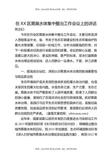 在XX区黑臭水体集中整治工作会议上的讲话.docx
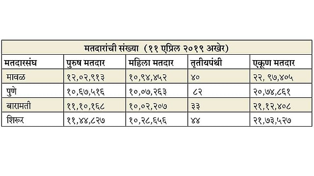 पुणे - पुण्यासह बारामती, शिरूर आणि मावळ या चार लोकसभा मतदारसंघांत अंतिम मतदार यादीनुसार एकूण मतदारांची संख्या ८६ लाख ५८ हजार २०१ इतकी झाली आहे. त्यात पुरुष मतदारांची संख्या ४५ लाख २५ हजार ४२४, तर महिला मतदारांची संख्या ४१ लाख ३२ हजार ५७८ इतकी आहे.
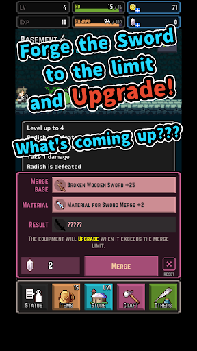 There are three types of equipment: weapons, shields, and accessories, and you can make them stronger by crafting them.
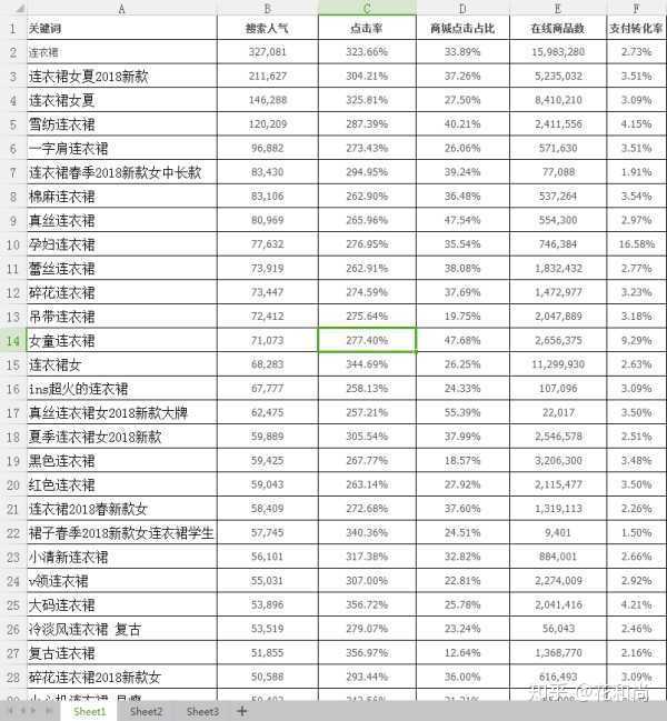 普通长尾词:2019新款连衣裙
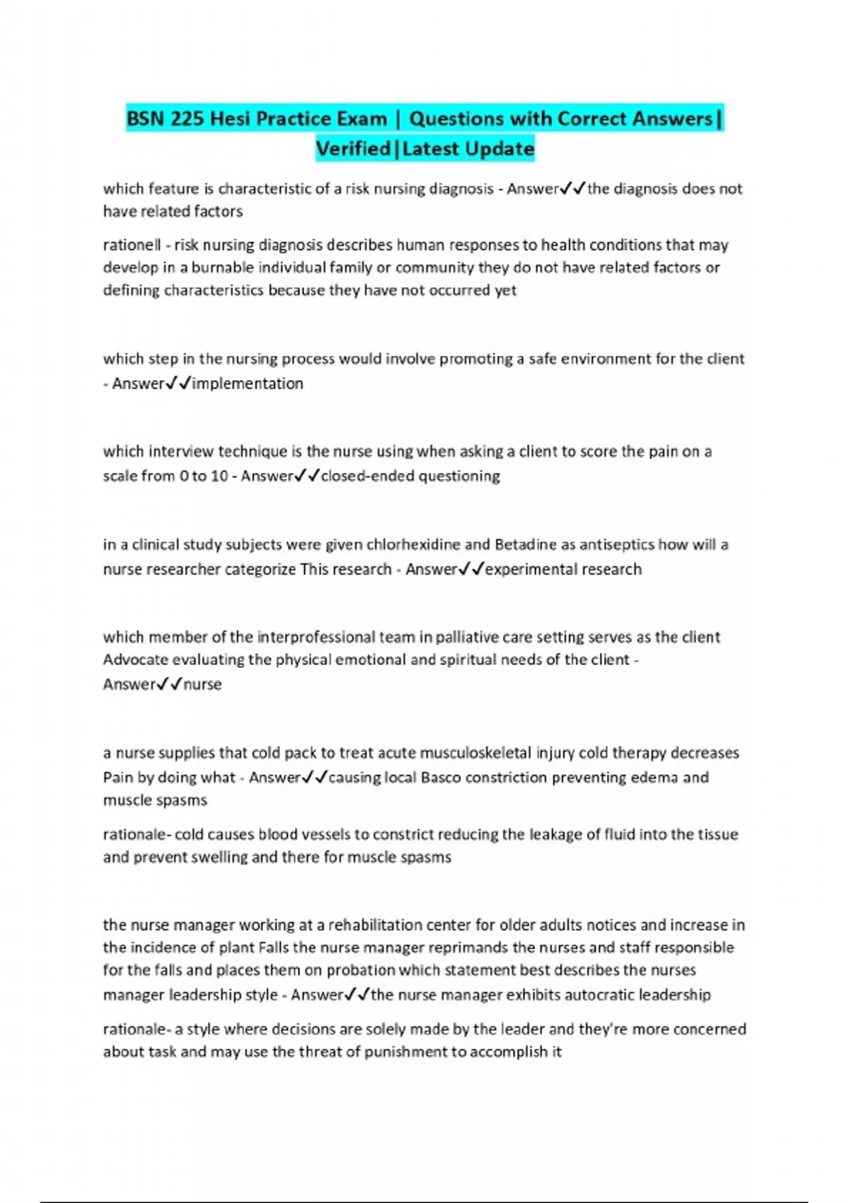 BSN 225 Hesi Practice Exam | Questions with Correct Answers| Verified|Latest Update
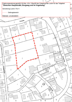 Der vorgesehene Geltungsbereich der Satzung liegt in der Gemarkung Luxem, Flur 4; er ist in der nachfolgend abgedruckten Plankarte (Auszug aus den Geobasisinformationen - Liegenschaftskarte -), die Bestandteil dieser Öffentlichen Bekanntmachung ist, durch eine rot gestrichelte Linie umgrenzt. Das Verfahren wird gemäß § 34 Abs. 6 BauGB nach den Vorschriften des § 13 BauGB (vereinfachtes Verfahren) geführt.
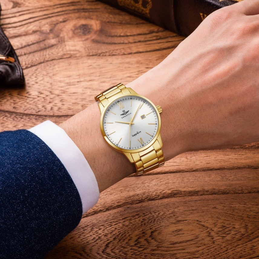 ĐỒNG HỒ SRWATCH NAM – SG3011.1402CV – QUARTZ (PIN) – DÂY VÀNG – SAPPHIRE – 5ATM – 40MM sử dụng bộ máy Nhật Bản chính hãng. Kiểu dáng đồng hồ thời trang, mặt kính sapphire chống trầy xước. Dây, vỏ inox đúc nguyên khối mạ màu vàng theo công nghệ PVD không phai, cọc số đơn giản sắc nét, sang trọng, lịch lãm.
= = = = =
Using the listing above, write out exactly the lines from the one that holds "BSN 225 Hesi" through the last line, both included, and omit pictures.

 BSN 225 Hesi Practice Exam | Questions with Correct Answers| Verified|Latest Update
 Der vorgesehene Geltungsbereich der Satzung liegt in der Gemarkung Luxem, Flur 4; er ist in der nachfolgend abgedruckten Plankarte (Auszug aus den Geobasisinformationen - Liegenschaftskarte -), die Bestandteil dieser Öffentlichen Bekanntmachung ist, durch eine rot gestrichelte Linie umgrenzt. Das Verfahren wird gemäß § 34 Abs. 6 BauGB nach den Vorschriften des § 13 BauGB (vereinfachtes Verfahren) geführt.
 ĐỒNG HỒ SRWATCH NAM – SG3011.1402CV – QUARTZ (PIN) – DÂY VÀNG – SAPPHIRE – 5ATM – 40MM sử dụng bộ máy Nhật Bản chính hãng. Kiểu dáng đồng hồ thời trang, mặt kính sapphire chống trầy xước. Dây, vỏ inox đúc nguyên khối mạ màu vàng theo công nghệ PVD không phai, cọc số đơn giản sắc nét, sang trọng, lịch lãm.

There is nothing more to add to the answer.